Abdullah Azam’s partial relief is also telling. The court did not unwind the case; it only stopped short of giving him the same enhanced term as his father. That leaves the family still inside the legal system, but with different levels of exposure. For the SP, that means the problem is not over and cannot be reduced to one headline or one appeal.
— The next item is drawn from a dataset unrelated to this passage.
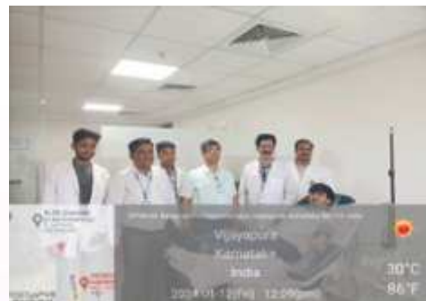
Blood Donation Camp was conducted by Department of Pharmacology in collaboration with the Department of Pathology, on “National Youth Day” at Shri B. M. Patil Medical College Hospital & Research Centre, Vijayapura on January 12, 2024.

Khan has long been more than a local leader. He is a test case for how aggressively courts can punish a politician already weakened by multiple prosecutions. As
The Hindu noted in an earlier conviction case, the practical consequence of a court order can be immediate political exclusion, not just legal embarrassment. That is the real power dynamic here: the courtroom is shaping the ballot field.
What to watch next
Watch for the next appeal and whether Khan’s lawyers seek suspension of the enhanced sentence. The date that matters is the next hearing in Rampur, because that is where the prosecution will try to lock in the harsher punishment and the defense will try to keep this from becoming another disqualifying blow. For Uttar Pradesh politics, the question is simpler: can the Samajwadi Party keep Rampur relevant without its most famous local operator, or does this case complete his marginalization?